> **What is being asked**
Leave out pictures; repeat exactly the lines from the "森马毛衫男冬季含羊绒针织衫发热抑菌2025新款基础圆领黑色打底衫" line through the last of the data below.

> **Data under study**
┄┄┄┄┄┄┄┄┄┄┄┄┄┄┄┄┄┄┄┄

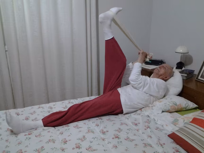 “Por causa do exercício, nunca mais sofri com isso. Faço o alongamento todos os dias, das 6h às 7h, na cama mesmo, deitado”, diz.
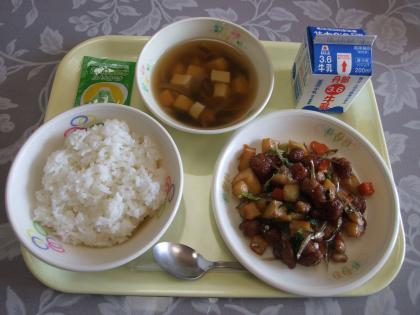 あげまぐろのごしきに わかめスープ ふりかけ ご飯 牛乳
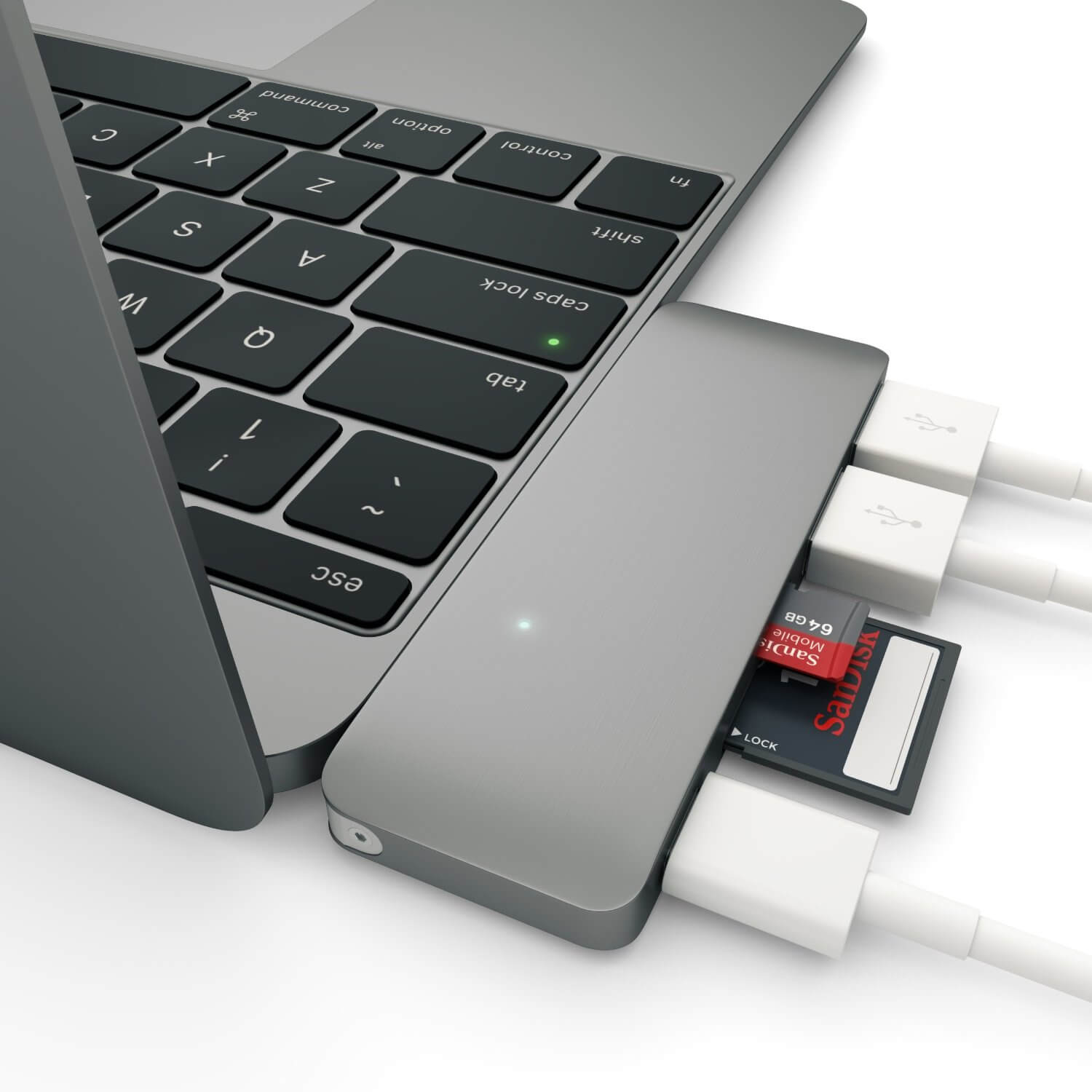 Satechi USB-C Pass Through USB Hub - мултифункционален хъб за свързване на допълнителна периферия за компютри с USB-C (тъмносив)
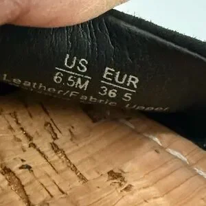 Chic black espadrilles with ankle strap. Comfortable cork insole. Perfect for casual outings.
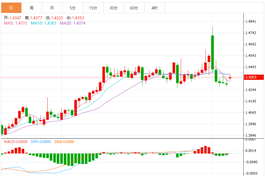 周一,美元/加元徘徊于1.4354下方,现交投于1.4352附近,涨幅0.40%。
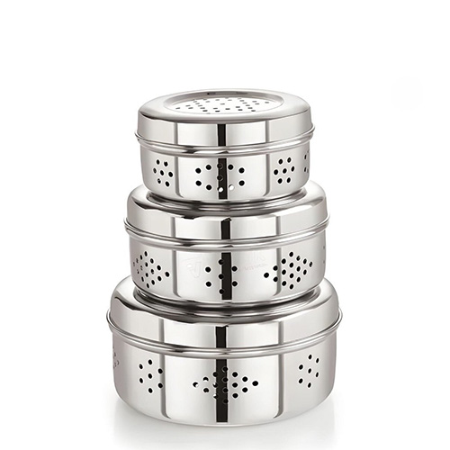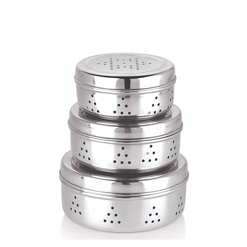 PKW-1236 Stainless Steel Perforated Jali Dabba Set (3 Piece) | Multi-Size Strainer Container & Steamer Basket
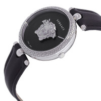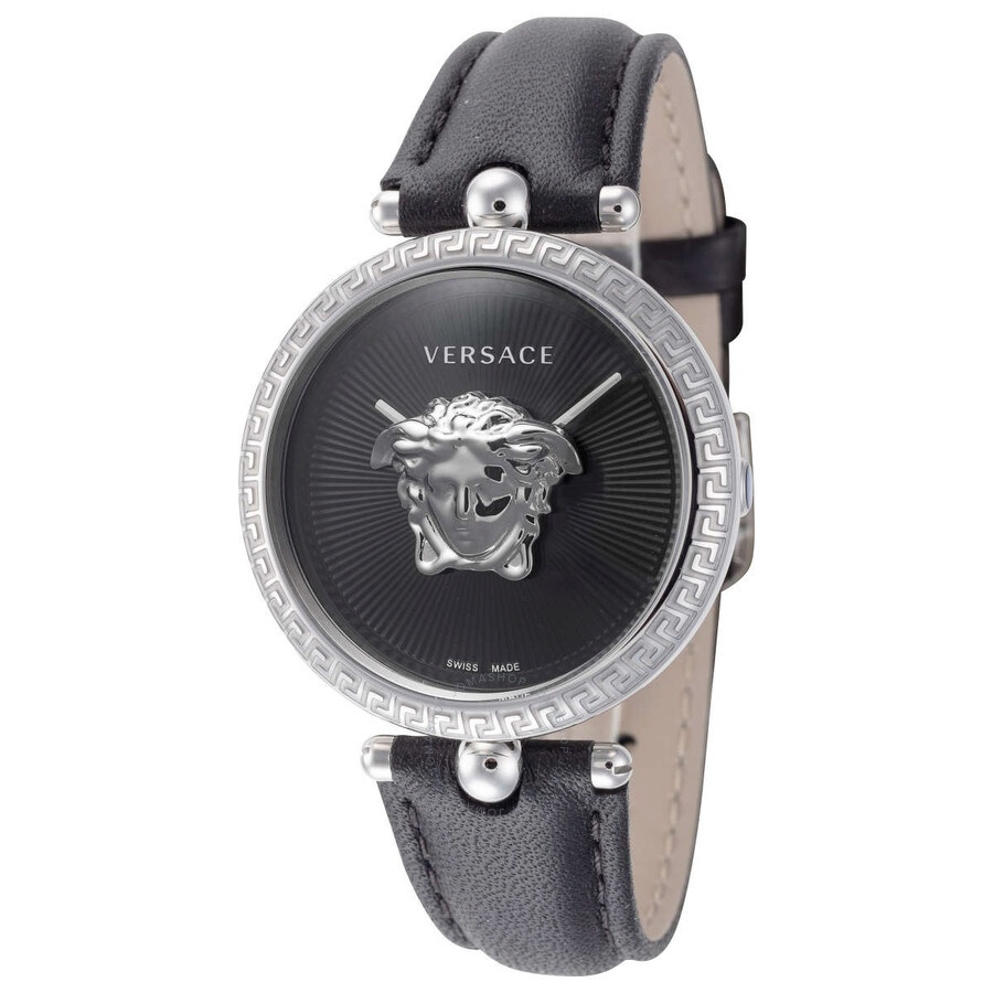 Silver-tone stainless steel case with a black leather strap. Fixed (greca motif) silver-tone stainless steel bezel. Black dial with silver-tone hands. No markers. Dial Type: Analog. Quartz movement. Scratch resistant sapphire crystal. Pull / push crown. Solid case back. Round case shape, case size: 34 mm. Buckle clasp. Water resistant at 50 meters / 165 feet. Functions: hour, minute. Additional Info: bold 3D medusa head floats above the center of the dial. Palazzo Empire Series. Casual watch style. Watch label: Swiss Made. Versace Palazzo Empire Quartz Black Dial Ladies Watch VECQ01020. CASE Case Size: 34 Case Thickness: 8 mm Case Material: Stainless Steel Case Shape: Round Case Back: Solid BAND Band Material: Leather Band Type: Strap Band Color: Black Band Width: 18 mm Clasp: Buckle DIAL Dial Color: Black Type: Analog Crystal: Scratch Resistant Sapphire Hands: Silver-tone Second Markers: No Markers Bezel: Fixed (Greca Motif) Bezel Color: Silver-tone Bezel Material: Stainless Steel Crown: Pull / Push INFORMATION Brand: Versace Series: Palazzo Empire Collection Name: Palazzo Empire Gender: Womens Model: VECQ01020 Watch Label: Swiss Made Movement: Quartz FEATURES Water Resistance: 50 meters / 165 feet Functions: Hour, Minute Watch Features: Stainless Steel, Leather, Analog ADDITIONAL INFO Watch Style: Casual Warranty: 2 Year Jomashop Warranty UPC Code: 7630030577871 Additional Info: Bold 3D Medusa Head floats above the center of the dial Jomashop Sku: VER-VECQ01020 Department: Watches
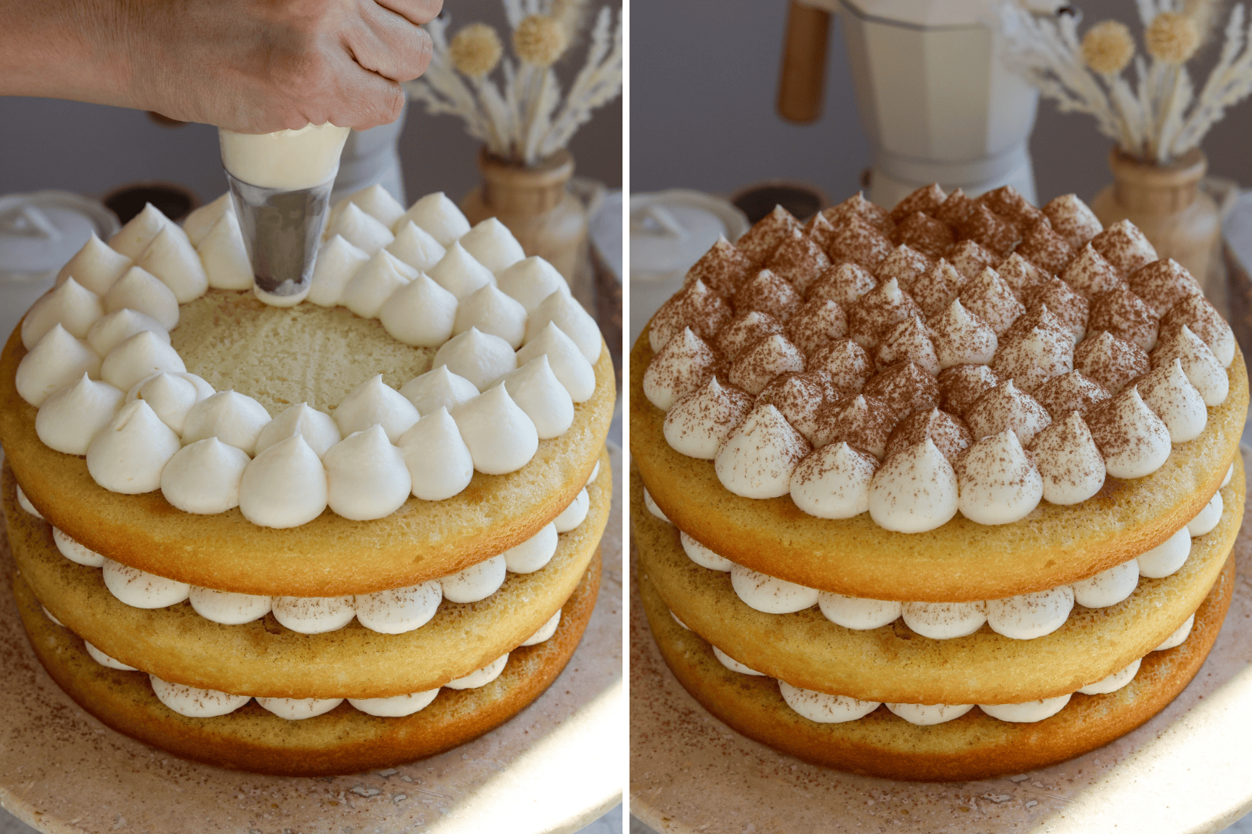 For the final layer, repeat the process one last time, using the remaining frosting to decorate the top. Finish with a generous dusting of cocoa powder for that signature tiramisu finish.
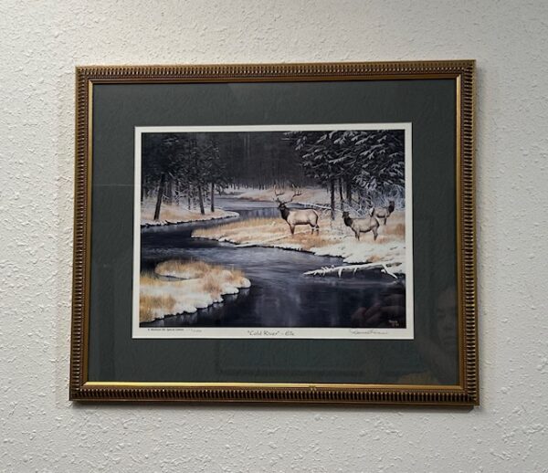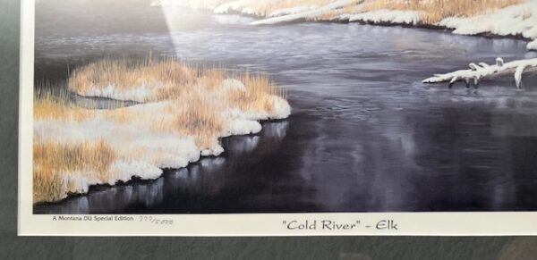 “Cold River” Elk Framed Matted Numbered Montana Ducks Unlimited Print by Darrell Davis: Great condition! 21″ wide x 18″ tall.
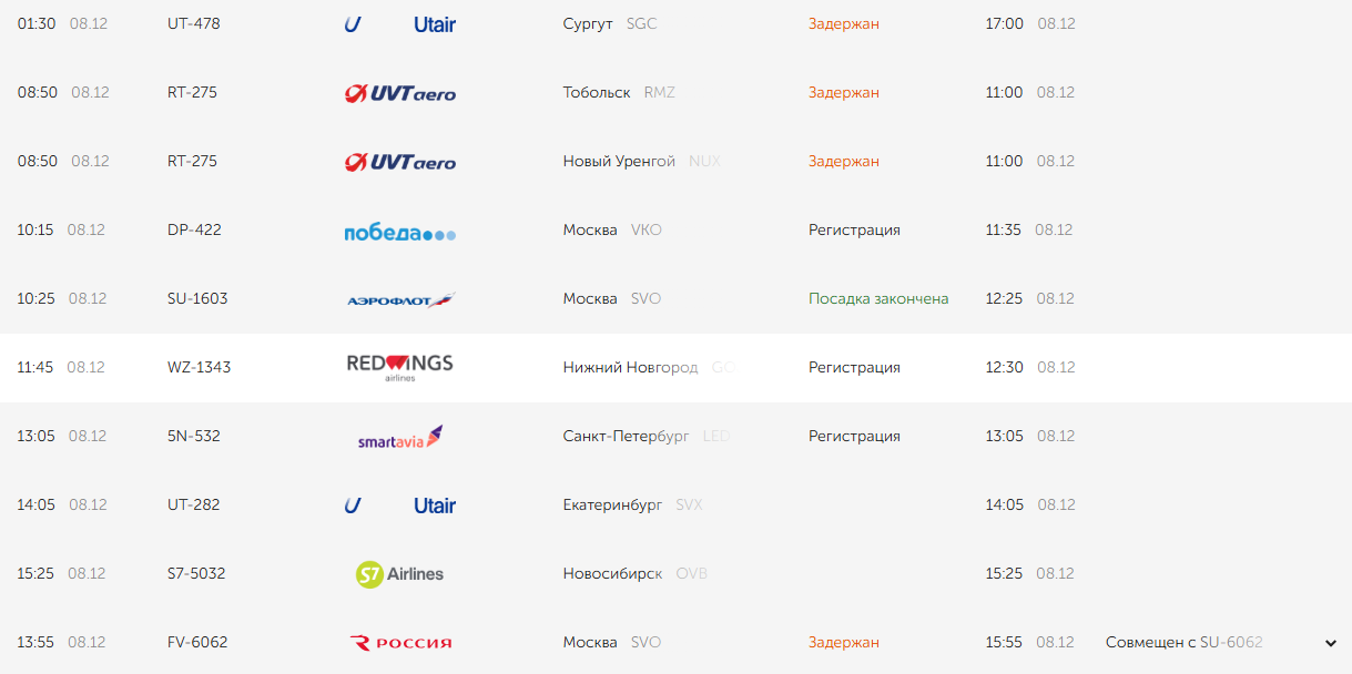 На данный момент согласно онлайн-табло, задержаны как минимум четыре вылета: в Сургут, Тобольск, Новый Уренгой и Москву. Задержки превышают два часа, что существенно влияет на расписание и планы путешественников. Пассажирам рекомендуют уточнять актуальную информацию у авиакомпаний и на сайте аэропорта.
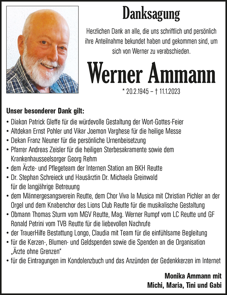 Ein bekannter Wirt in Reutte gab mir einmal den freundschaftlichen Rat, "Wenn du in einer öffentlichen Veranstaltung sprechen musst, wo der Werner Ammann ist, dann sprich vor ihm, danach ists unglaublich schwer, weil der Redet so gut". Lieber Werner, dieses Talent und deine verbindende, aber trotzdem geradlinige Art, konnte ich dann lange Jahre, in denen wir zwei für die Organisation des Reuttener Marktfestes verantwortlich waren, geniessen. Trotz manch harter Nuß die zu knacken war, blieb immer deine verbindende zu höchst höfliche Art dein Markenzeichen. Du warst ein Sir der besten Art, oft mein Vorbild. Liebe Trauerfamilie, erinnert euch mit Freude an den edlen Menschen, Werner.
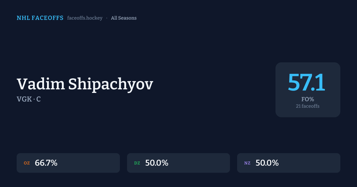 Vadim Shipachyov has a career faceoff win percentage of 57.1% across 21 faceoffs. Best zone: Offensive (66.7%).
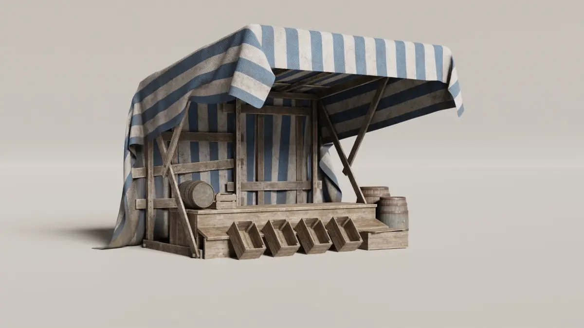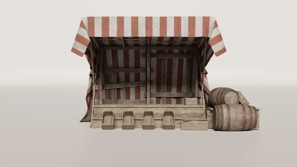 A set of assets for recreating a medieval market, includes: 1 wooden structure,1 cloth with 4 different materials, both Hi poly and decimated.1 barrel with 2 different materials,3 Boxes1 stand table,1 table and bench (available here on cgtrader as "medieval table with bench 2 )
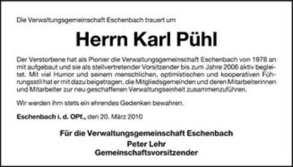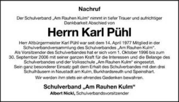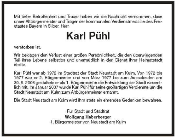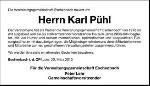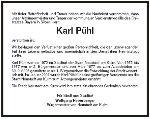 Ableben unseres Freundes Karl Pühl erfahren. In unseren Herzen wird er immer in Erinnerung bleiben.
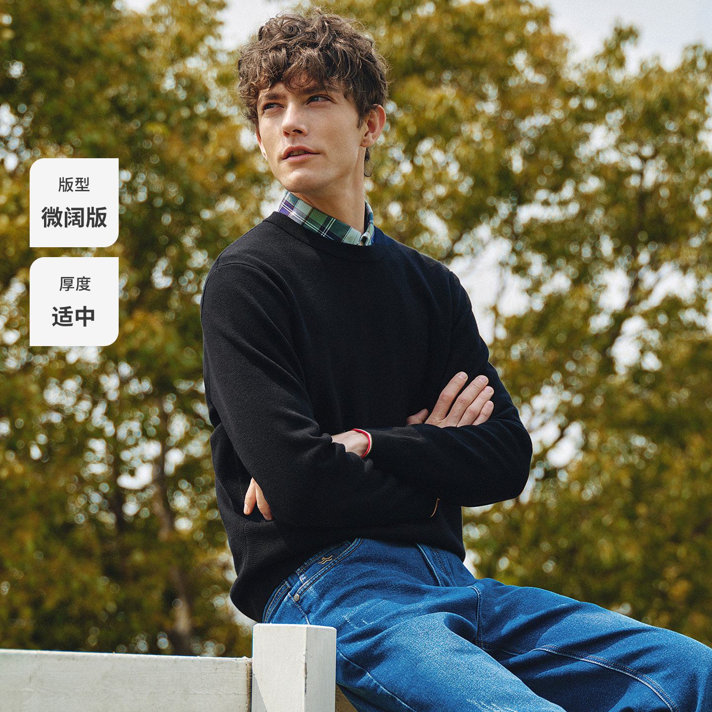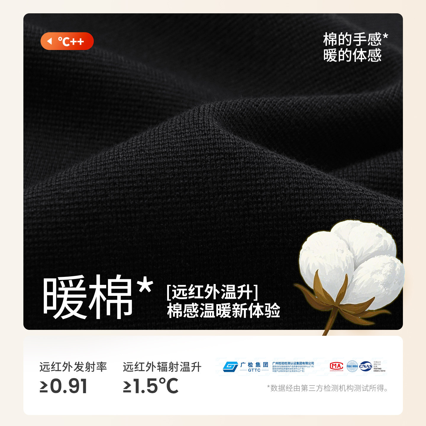 森马毛衫男冬季含羊绒针织衫发热抑菌2025新款基础圆领黑色打底衫
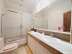 en stor spegel, fina lyktor samt abstrakt konst på väggen.

┄┄┄┄┄┄┄┄┄┄┄┄┄┄┄┄┄┄┄┄

> **Result of the exercise**
 森马毛衫男冬季含羊绒针织衫发热抑菌2025新款基础圆领黑色打底衫
 en stor spegel, fina lyktor samt abstrakt konst på väggen.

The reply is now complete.